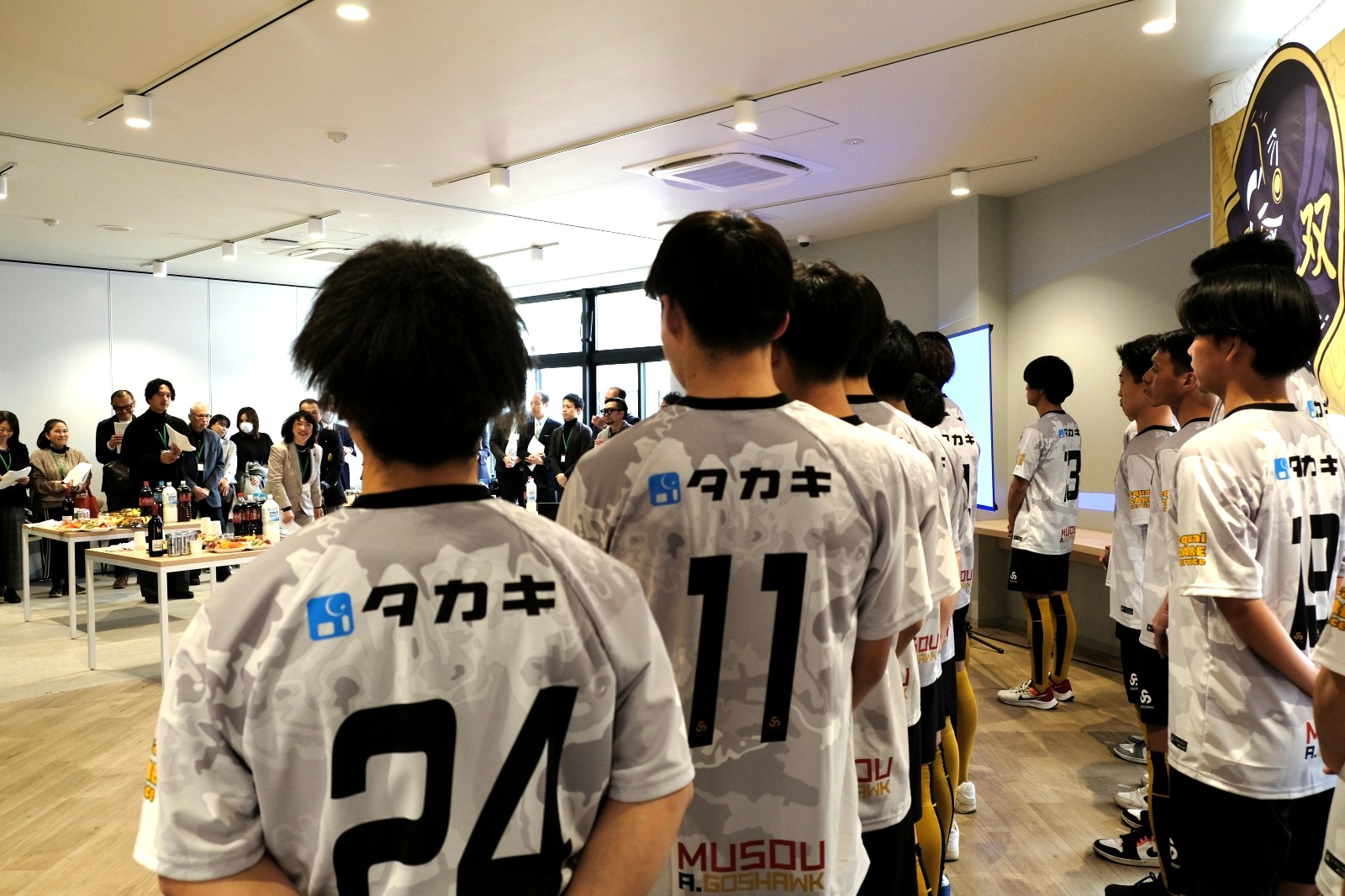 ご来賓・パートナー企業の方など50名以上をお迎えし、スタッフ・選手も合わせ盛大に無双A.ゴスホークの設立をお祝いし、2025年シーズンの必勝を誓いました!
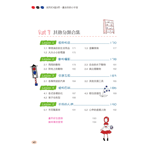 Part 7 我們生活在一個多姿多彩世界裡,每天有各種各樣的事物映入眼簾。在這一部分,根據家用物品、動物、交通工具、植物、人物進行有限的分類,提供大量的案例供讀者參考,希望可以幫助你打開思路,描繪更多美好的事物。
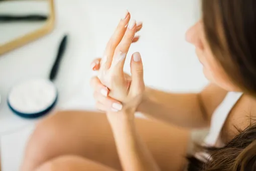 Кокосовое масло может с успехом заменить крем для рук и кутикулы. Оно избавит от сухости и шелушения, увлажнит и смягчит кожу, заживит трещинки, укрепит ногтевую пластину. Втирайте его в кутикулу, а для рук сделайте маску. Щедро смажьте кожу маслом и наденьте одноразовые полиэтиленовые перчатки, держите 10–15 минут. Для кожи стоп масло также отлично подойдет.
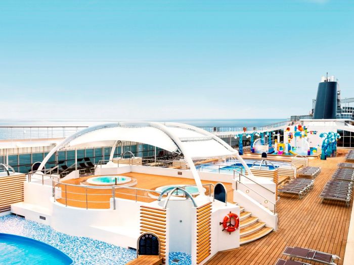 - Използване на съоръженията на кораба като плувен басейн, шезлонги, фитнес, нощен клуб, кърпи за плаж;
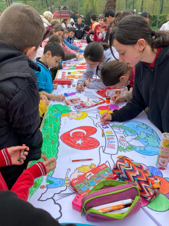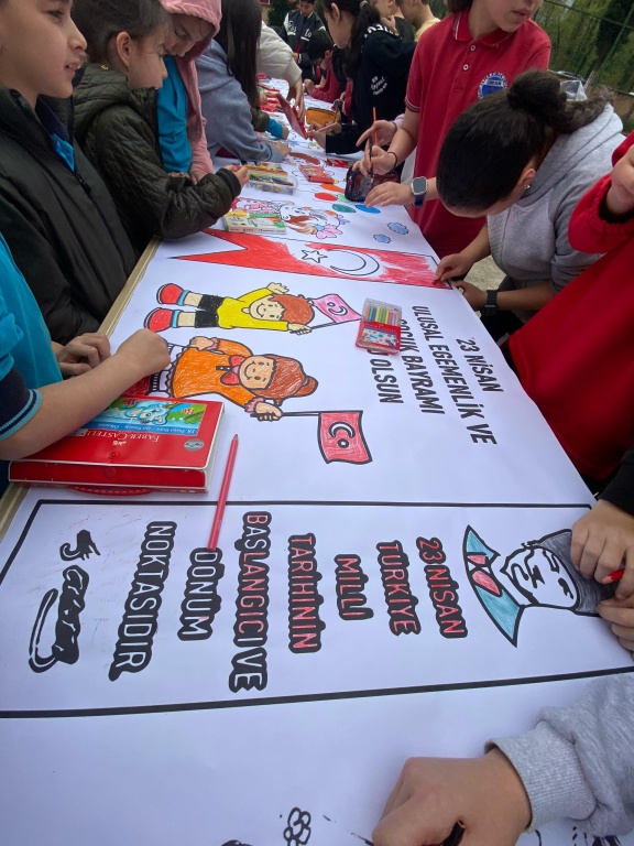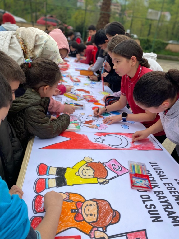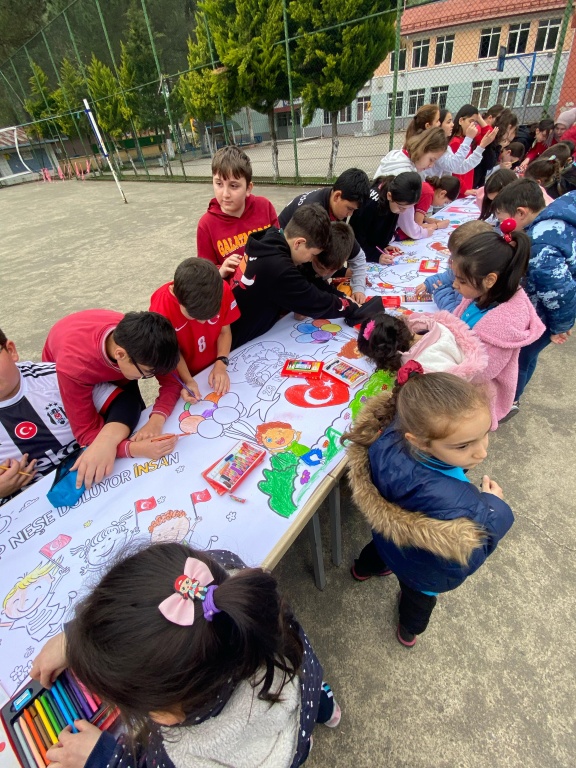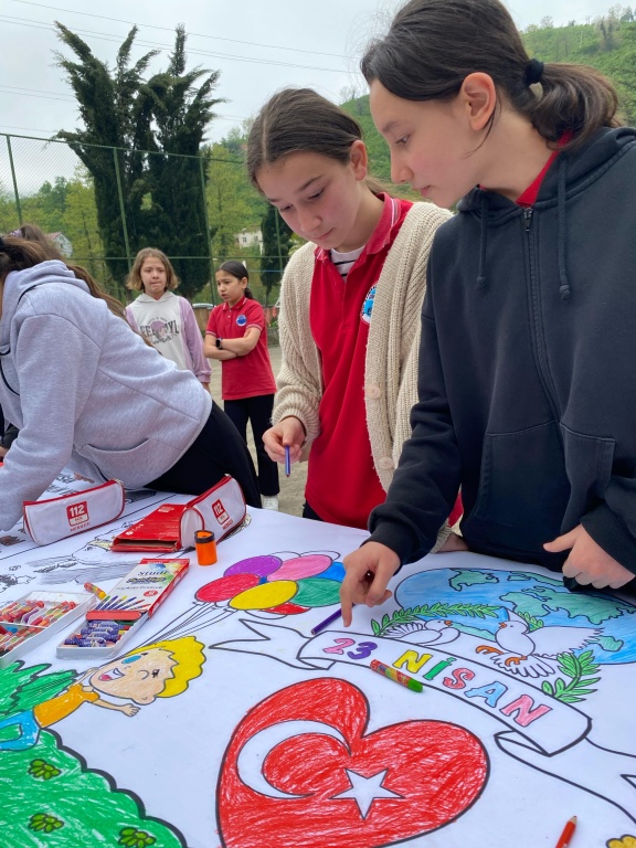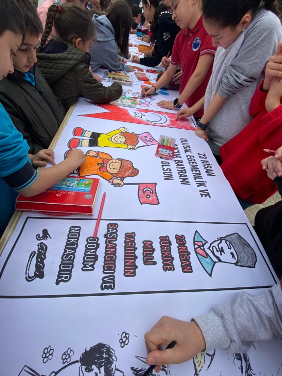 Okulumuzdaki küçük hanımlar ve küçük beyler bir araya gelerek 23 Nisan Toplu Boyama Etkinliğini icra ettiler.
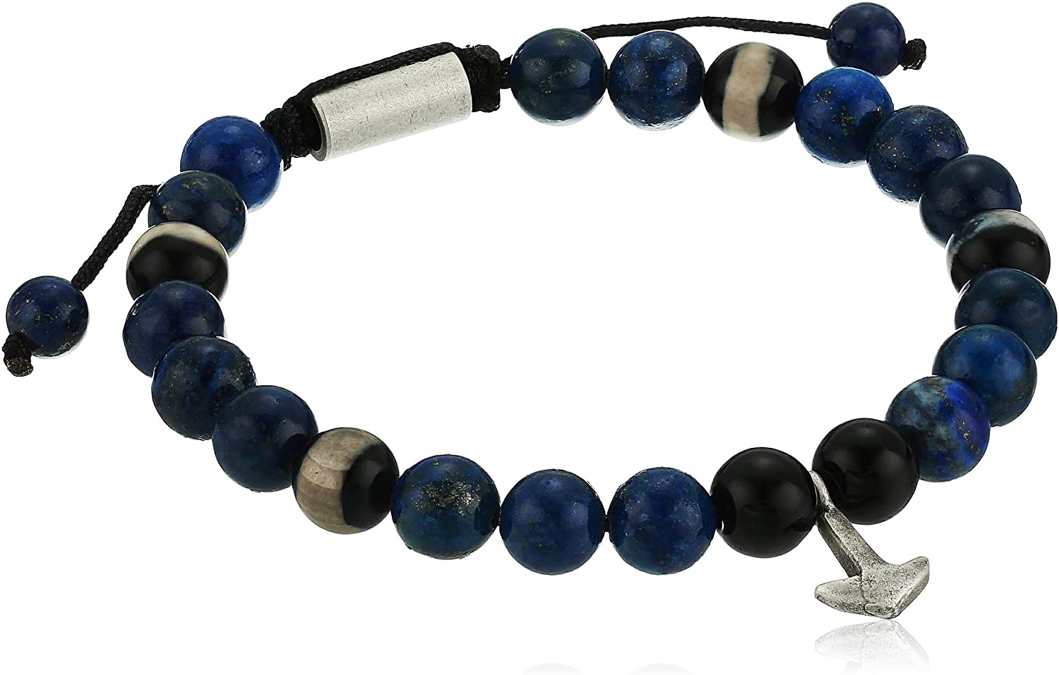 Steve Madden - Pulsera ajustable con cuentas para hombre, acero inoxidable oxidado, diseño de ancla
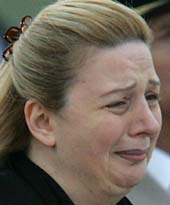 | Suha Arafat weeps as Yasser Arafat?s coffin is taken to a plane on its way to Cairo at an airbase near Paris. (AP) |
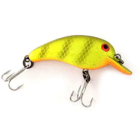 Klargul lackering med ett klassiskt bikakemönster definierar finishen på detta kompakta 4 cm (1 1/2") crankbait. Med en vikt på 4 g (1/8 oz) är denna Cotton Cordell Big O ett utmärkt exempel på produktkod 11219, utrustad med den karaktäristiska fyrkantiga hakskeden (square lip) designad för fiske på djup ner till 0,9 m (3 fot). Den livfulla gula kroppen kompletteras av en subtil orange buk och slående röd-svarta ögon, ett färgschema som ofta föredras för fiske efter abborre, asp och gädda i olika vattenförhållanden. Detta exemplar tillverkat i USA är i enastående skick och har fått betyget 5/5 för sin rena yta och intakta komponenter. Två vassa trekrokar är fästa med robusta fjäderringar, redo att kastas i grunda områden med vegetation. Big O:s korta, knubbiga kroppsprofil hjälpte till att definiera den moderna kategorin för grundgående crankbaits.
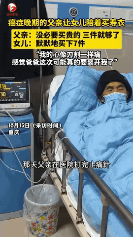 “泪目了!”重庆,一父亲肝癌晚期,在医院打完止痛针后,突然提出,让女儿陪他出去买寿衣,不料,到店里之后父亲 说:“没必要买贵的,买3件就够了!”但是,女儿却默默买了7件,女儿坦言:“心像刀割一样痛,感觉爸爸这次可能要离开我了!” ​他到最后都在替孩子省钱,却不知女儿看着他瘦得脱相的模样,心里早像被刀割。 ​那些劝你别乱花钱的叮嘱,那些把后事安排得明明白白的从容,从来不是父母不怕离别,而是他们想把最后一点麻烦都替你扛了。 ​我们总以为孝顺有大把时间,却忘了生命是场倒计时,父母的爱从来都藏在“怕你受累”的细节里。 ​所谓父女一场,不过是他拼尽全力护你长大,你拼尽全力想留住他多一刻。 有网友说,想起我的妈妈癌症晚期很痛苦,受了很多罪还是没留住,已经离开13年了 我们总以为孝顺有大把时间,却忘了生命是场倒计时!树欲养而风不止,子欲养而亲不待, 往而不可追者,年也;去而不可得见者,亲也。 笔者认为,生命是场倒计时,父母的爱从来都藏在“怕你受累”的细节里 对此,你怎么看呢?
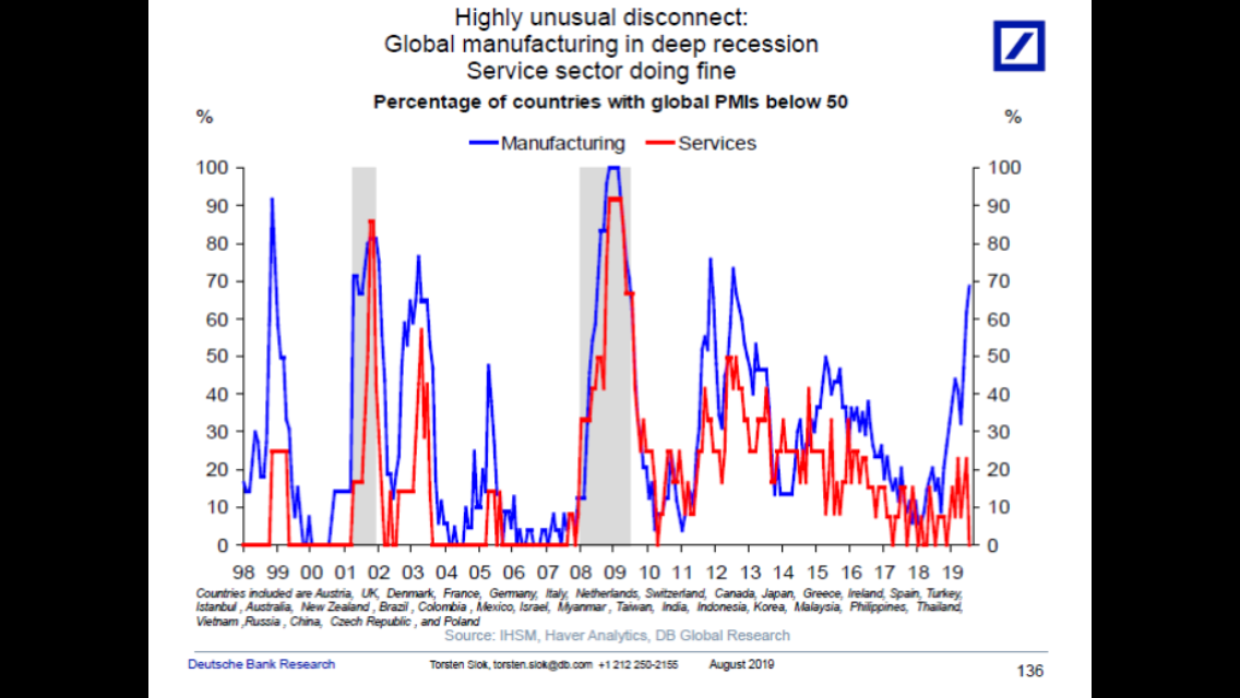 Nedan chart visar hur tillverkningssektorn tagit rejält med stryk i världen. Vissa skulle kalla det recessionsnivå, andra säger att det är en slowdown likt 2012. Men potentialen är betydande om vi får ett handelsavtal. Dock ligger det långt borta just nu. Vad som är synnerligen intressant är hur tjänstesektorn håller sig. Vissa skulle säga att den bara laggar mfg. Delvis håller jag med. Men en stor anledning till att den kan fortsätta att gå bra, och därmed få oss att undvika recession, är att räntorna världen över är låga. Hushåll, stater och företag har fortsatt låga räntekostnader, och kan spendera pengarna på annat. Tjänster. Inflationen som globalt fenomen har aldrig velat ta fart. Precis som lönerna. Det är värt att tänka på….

^^^^^^^^

For this exercise, return the material word for word and drop each image.

:: ANSWER BELOW ::
 ご来賓・パートナー企業の方など50名以上をお迎えし、スタッフ・選手も合わせ盛大に無双A.ゴスホークの設立をお祝いし、2025年シーズンの必勝を誓いました!
 Part 7 我們生活在一個多姿多彩世界裡,每天有各種各樣的事物映入眼簾。在這一部分,根據家用物品、動物、交通工具、植物、人物進行有限的分類,提供大量的案例供讀者參考,希望可以幫助你打開思路,描繪更多美好的事物。
 Кокосовое масло может с успехом заменить крем для рук и кутикулы. Оно избавит от сухости и шелушения, увлажнит и смягчит кожу, заживит трещинки, укрепит ногтевую пластину. Втирайте его в кутикулу, а для рук сделайте маску. Щедро смажьте кожу маслом и наденьте одноразовые полиэтиленовые перчатки, держите 10–15 минут. Для кожи стоп масло также отлично подойдет.
 - Използване на съоръженията на кораба като плувен басейн, шезлонги, фитнес, нощен клуб, кърпи за плаж;
 Okulumuzdaki küçük hanımlar ve küçük beyler bir araya gelerek 23 Nisan Toplu Boyama Etkinliğini icra ettiler.
 Steve Madden - Pulsera ajustable con cuentas para hombre, acero inoxidable oxidado, diseño de ancla
 | Suha Arafat weeps as Yasser Arafat?s coffin is taken to a plane on its way to Cairo at an airbase near Paris. (AP) |
 Klargul lackering med ett klassiskt bikakemönster definierar finishen på detta kompakta 4 cm (1 1/2") crankbait. Med en vikt på 4 g (1/8 oz) är denna Cotton Cordell Big O ett utmärkt exempel på produktkod 11219, utrustad med den karaktäristiska fyrkantiga hakskeden (square lip) designad för fiske på djup ner till 0,9 m (3 fot). Den livfulla gula kroppen kompletteras av en subtil orange buk och slående röd-svarta ögon, ett färgschema som ofta föredras för fiske efter abborre, asp och gädda i olika vattenförhållanden. Detta exemplar tillverkat i USA är i enastående skick och har fått betyget 5/5 för sin rena yta och intakta komponenter. Två vassa trekrokar är fästa med robusta fjäderringar, redo att kastas i grunda områden med vegetation. Big O:s korta, knubbiga kroppsprofil hjälpte till att definiera den moderna kategorin för grundgående crankbaits.
 “泪目了!”重庆,一父亲肝癌晚期,在医院打完止痛针后,突然提出,让女儿陪他出去买寿衣,不料,到店里之后父亲 说:“没必要买贵的,买3件就够了!”但是,女儿却默默买了7件,女儿坦言:“心像刀割一样痛,感觉爸爸这次可能要离开我了!” ​他到最后都在替孩子省钱,却不知女儿看着他瘦得脱相的模样,心里早像被刀割。 ​那些劝你别乱花钱的叮嘱,那些把后事安排得明明白白的从容,从来不是父母不怕离别,而是他们想把最后一点麻烦都替你扛了。 ​我们总以为孝顺有大把时间,却忘了生命是场倒计时,父母的爱从来都藏在“怕你受累”的细节里。 ​所谓父女一场,不过是他拼尽全力护你长大,你拼尽全力想留住他多一刻。 有网友说,想起我的妈妈癌症晚期很痛苦,受了很多罪还是没留住,已经离开13年了 我们总以为孝顺有大把时间,却忘了生命是场倒计时!树欲养而风不止,子欲养而亲不待, 往而不可追者,年也;去而不可得见者,亲也。 笔者认为,生命是场倒计时,父母的爱从来都藏在“怕你受累”的细节里 对此,你怎么看呢?
 Nedan chart visar hur tillverkningssektorn tagit rejält med stryk i världen. Vissa skulle kalla det recessionsnivå, andra säger att det är en slowdown likt 2012. Men potentialen är betydande om vi får ett handelsavtal. Dock ligger det långt borta just nu. Vad som är synnerligen intressant är hur tjänstesektorn håller sig. Vissa skulle säga att den bara laggar mfg. Delvis håller jag med. Men en stor anledning till att den kan fortsätta att gå bra, och därmed få oss att undvika recession, är att räntorna världen över är låga. Hushåll, stater och företag har fortsatt låga räntekostnader, och kan spendera pengarna på annat. Tjänster. Inflationen som globalt fenomen har aldrig velat ta fart. Precis som lönerna. Det är värt att tänka på….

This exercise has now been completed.